It's understandable that health insurance companies don't want to invest in big-dollar projects without knowing how the industry is going to change. One example is in the area of underwriting. If healthcare reform implements an individual mandate coupled with health insurers accepting all members—regardless of pre-existing conditions—the underwriting process that has become the health insurance industry's foundation will evaporate.
Investing in that area doesn't make sense now, but Dan Maynard, president and CEO of Connecture, says health plans need to use "flexible technology solutions" to prepare for the future. Health insurers shouldn't stay transfixed on the horizon. A more pressing need for insurers is how to stay ahead despite the destruction of the employer-based health insurance market, most notably the small group market. As more Americans are bounced from employer-based health insurance, they are flooding the individual health insurance market. While insurers realize that the individual insurance market is their present and future, many are struggling with how to prevent losses.

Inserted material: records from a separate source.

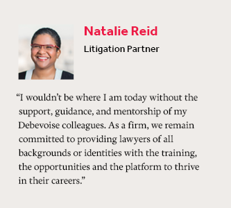 Professional skills development and coaching – Individual coaching support and professional skills training programs are designed to support Debevoise lawyers in mastering key skills in writing, negotiation, team management, presenting and communicating, counteracting implicit bias, business development and other areas critical for success.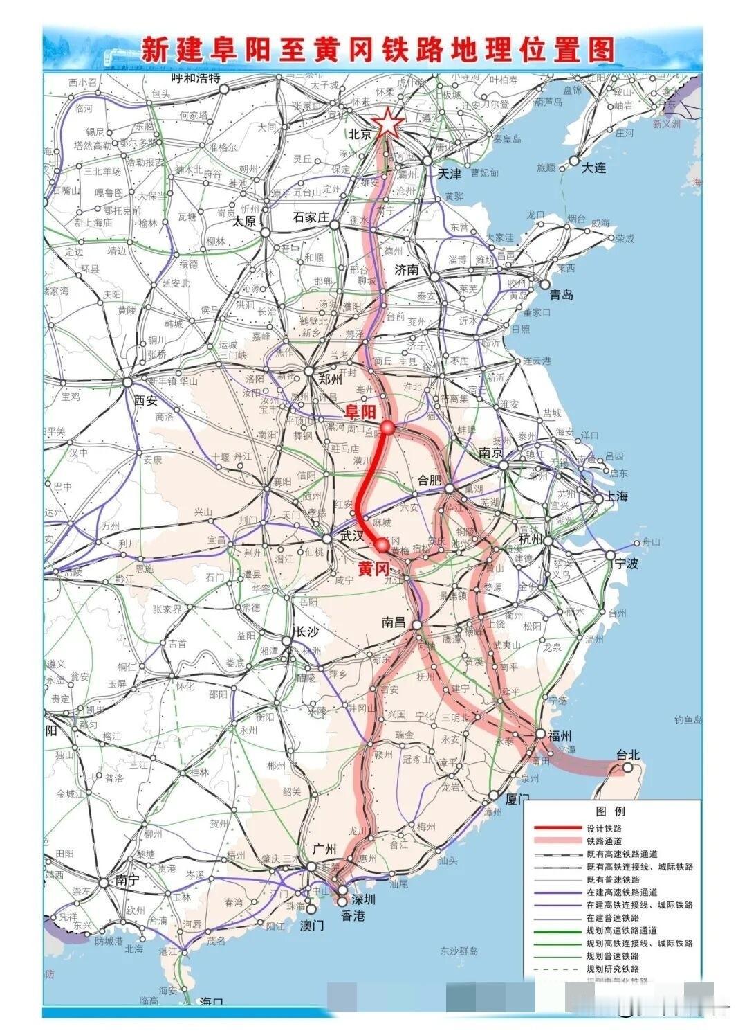 好消息!阜阳至黄冈铁路项目迎来关键性进展,目前正加速前期规划论证。 作为我国中长期铁路网规划中京港(台)高速铁路通道的重要组成部分,该线路已被明确纳入“十五五”铁路发展规划。 据悉,根据规划方案,阜阳至黄冈铁路起点位于阜阳枢纽阜阳西站,线路总体呈南北走向,依次经过阜南、潢川、光山、新县、红安、麻城、黄州等重要节点,随后衔接黄黄高速铁路,通过新建联络线工程接入黄梅南站,并利用安九高速铁路南延至九江。项目正线全长318.11公里,遵循高速铁路设计标准,设定时速为350公里。 在站点布局方面,项目计划新建车站6座,同时整合利用现有车站3座,阜阳至黄冈铁路的建设将显著提升沿线地区的交通可达性,缩短时空距离,促进人流、物流、信息流的高效流动,期待早日建成通车!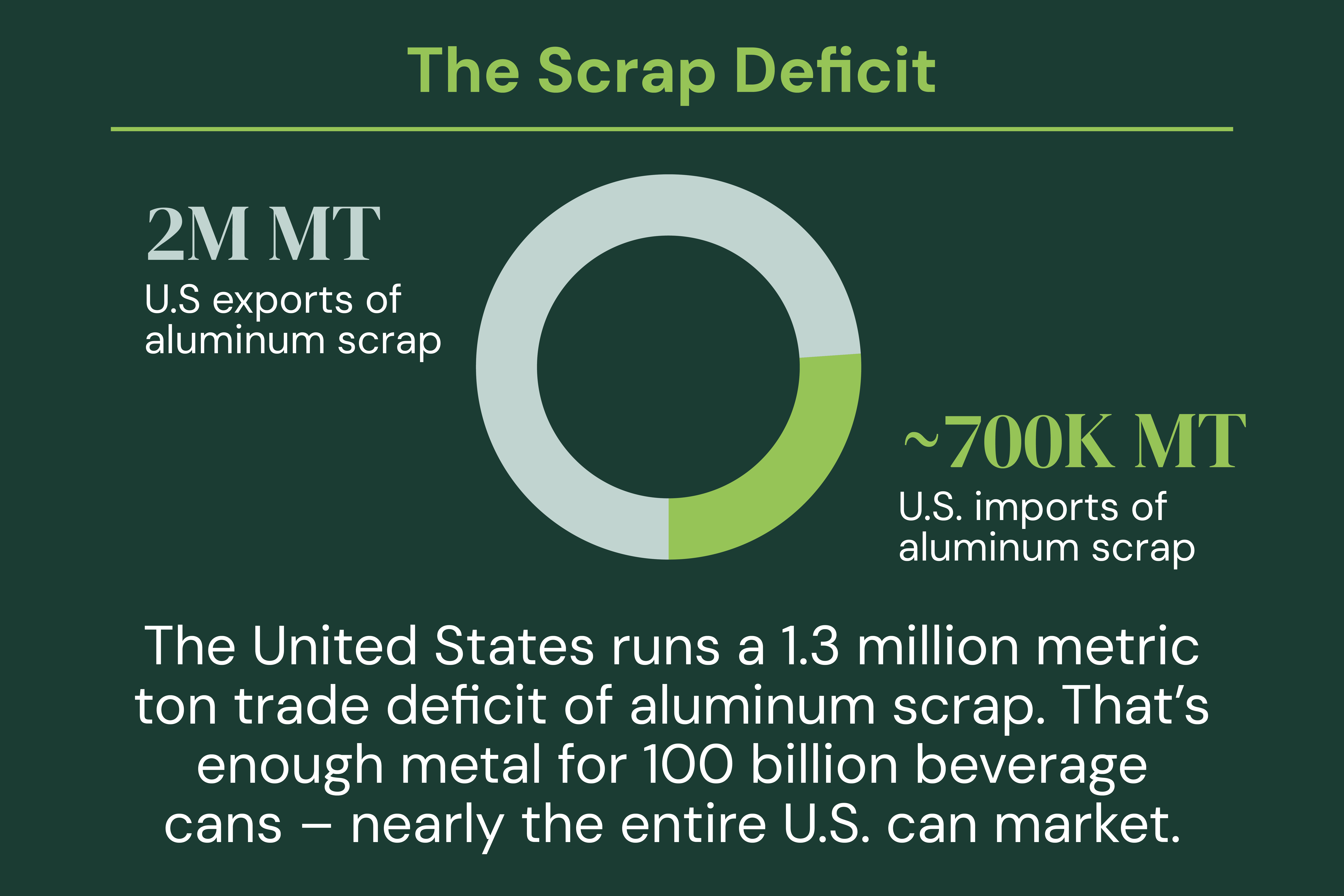 - The U.S. exports ~2 million metric tons (MT) of aluminum scrap each year—more than a quarter of total scrap supply.

In order to survive healthcare reform and the decimated employer-based market, Maynard suggests a combination of technology and marketing, which he says will play a much larger role in the near future. That's because the combination of an eroding employer-based health insurance market coupled with healthcare reform will force insurers to compete for members, which is commonplace in other industries.
What does the future of health insurance marketing entail? Think car and life insurance. Television shows feature ads from Geico, Progressive, and Aflac. Health insurers also may soon become a staple of television and will need marketing departments that understand what consumers want. Technology, meanwhile, will allow insurers to reach out to both members and prospective members through interactive Web sites.
The technology/marketing push will help insurers develop new products, perform lead management, quote rates to consumers, improve enrollment, and retain members. Maynard says health insurers' future is in these four areas:
Easy and flexible product configuration
Multiple avenues for targeted outreach
Real-time and user-friendly online enrollment
Using analytics to understand what attracts and retains a carrier's targeted market
In the near future, health insurers will need to create a platform that will allow insurers to promote products across various market segments. This technology will include a single location for prospective and current members to learn about product information and availability.
"It's one thing to have a marketing site, it's another thing to be targeting different types of consumers and providing different targeted campaigns around your quoting and your lead gen activities," says Maynard. "Health plans are a long ways away from that kind of technology-supported targeted marketing on the Web or otherwise."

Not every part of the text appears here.